Task to carry out >> Print the data exactly as written, but leave out each picture.

Input data >>
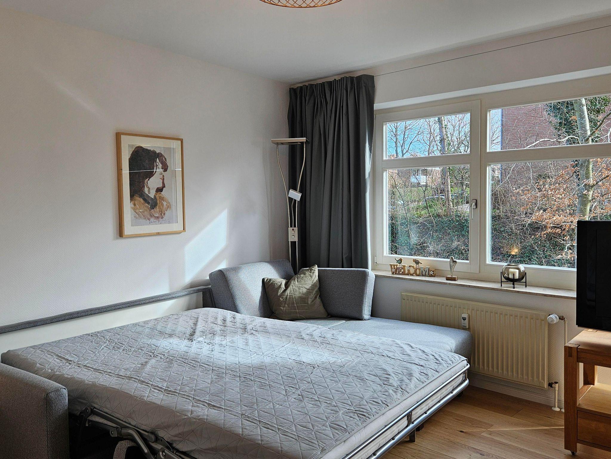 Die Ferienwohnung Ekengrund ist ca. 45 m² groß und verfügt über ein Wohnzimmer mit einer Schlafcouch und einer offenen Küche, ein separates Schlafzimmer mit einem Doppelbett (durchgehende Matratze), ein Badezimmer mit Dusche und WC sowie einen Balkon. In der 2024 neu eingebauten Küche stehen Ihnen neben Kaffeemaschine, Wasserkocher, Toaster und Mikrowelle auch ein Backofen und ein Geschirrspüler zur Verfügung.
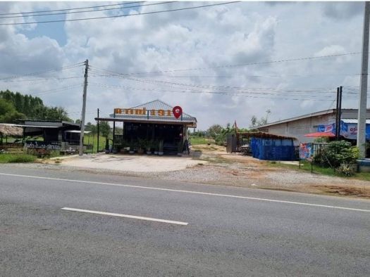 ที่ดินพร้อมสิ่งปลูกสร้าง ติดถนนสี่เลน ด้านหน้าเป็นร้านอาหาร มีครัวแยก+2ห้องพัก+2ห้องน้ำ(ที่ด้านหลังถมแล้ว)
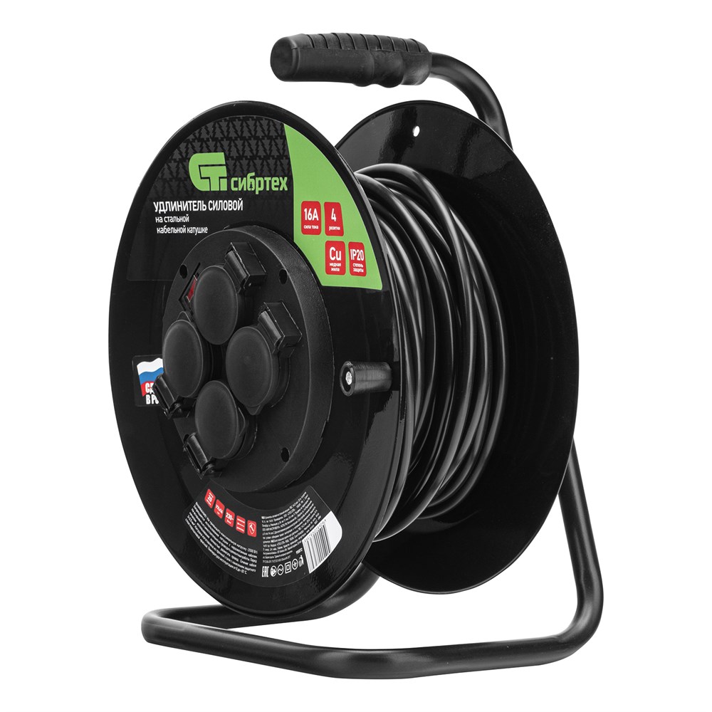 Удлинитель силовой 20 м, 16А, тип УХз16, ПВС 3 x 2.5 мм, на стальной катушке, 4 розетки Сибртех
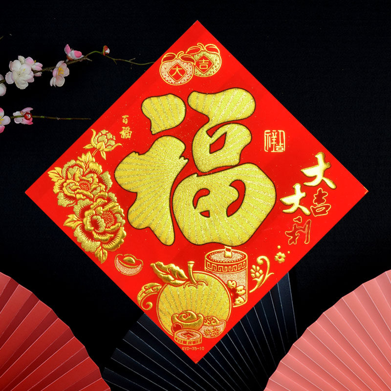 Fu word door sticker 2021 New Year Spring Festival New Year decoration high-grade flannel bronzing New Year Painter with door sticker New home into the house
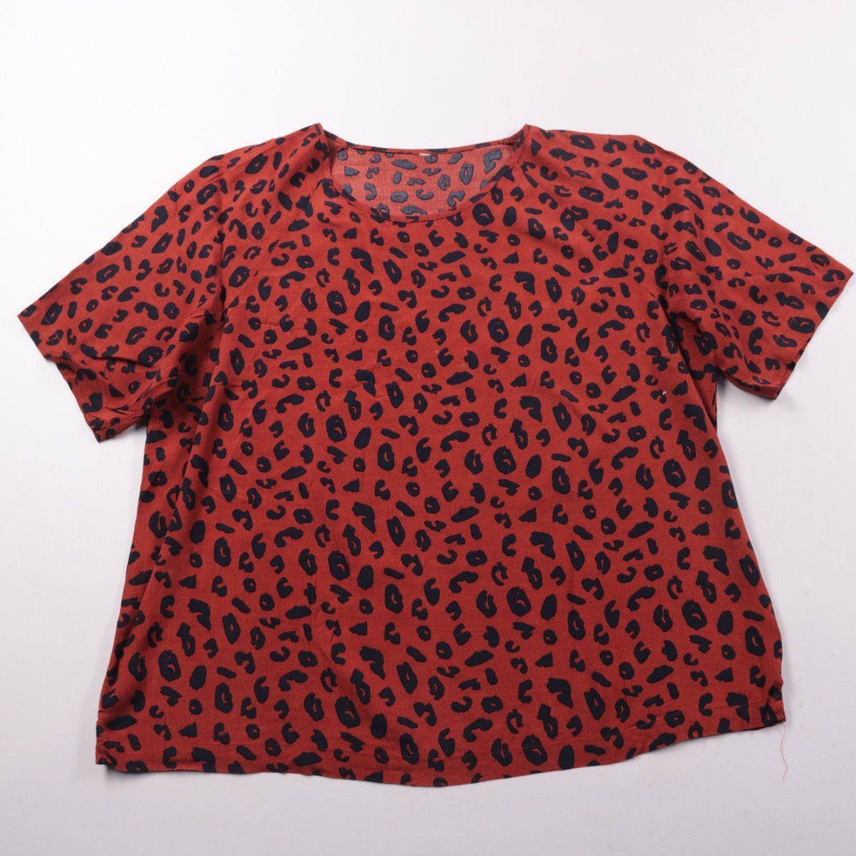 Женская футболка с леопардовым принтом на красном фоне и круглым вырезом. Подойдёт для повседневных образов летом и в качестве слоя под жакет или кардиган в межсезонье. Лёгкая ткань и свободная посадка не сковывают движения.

Response box >>
 Die Ferienwohnung Ekengrund ist ca. 45 m² groß und verfügt über ein Wohnzimmer mit einer Schlafcouch und einer offenen Küche, ein separates Schlafzimmer mit einem Doppelbett (durchgehende Matratze), ein Badezimmer mit Dusche und WC sowie einen Balkon. In der 2024 neu eingebauten Küche stehen Ihnen neben Kaffeemaschine, Wasserkocher, Toaster und Mikrowelle auch ein Backofen und ein Geschirrspüler zur Verfügung.
 ที่ดินพร้อมสิ่งปลูกสร้าง ติดถนนสี่เลน ด้านหน้าเป็นร้านอาหาร มีครัวแยก+2ห้องพัก+2ห้องน้ำ(ที่ด้านหลังถมแล้ว)
 Удлинитель силовой 20 м, 16А, тип УХз16, ПВС 3 x 2.5 мм, на стальной катушке, 4 розетки Сибртех
 Fu word door sticker 2021 New Year Spring Festival New Year decoration high-grade flannel bronzing New Year Painter with door sticker New home into the house
 Женская футболка с леопардовым принтом на красном фоне и круглым вырезом. Подойдёт для повседневных образов летом и в качестве слоя под жакет или кардиган в межсезонье. Лёгкая ткань и свободная посадка не сковывают движения.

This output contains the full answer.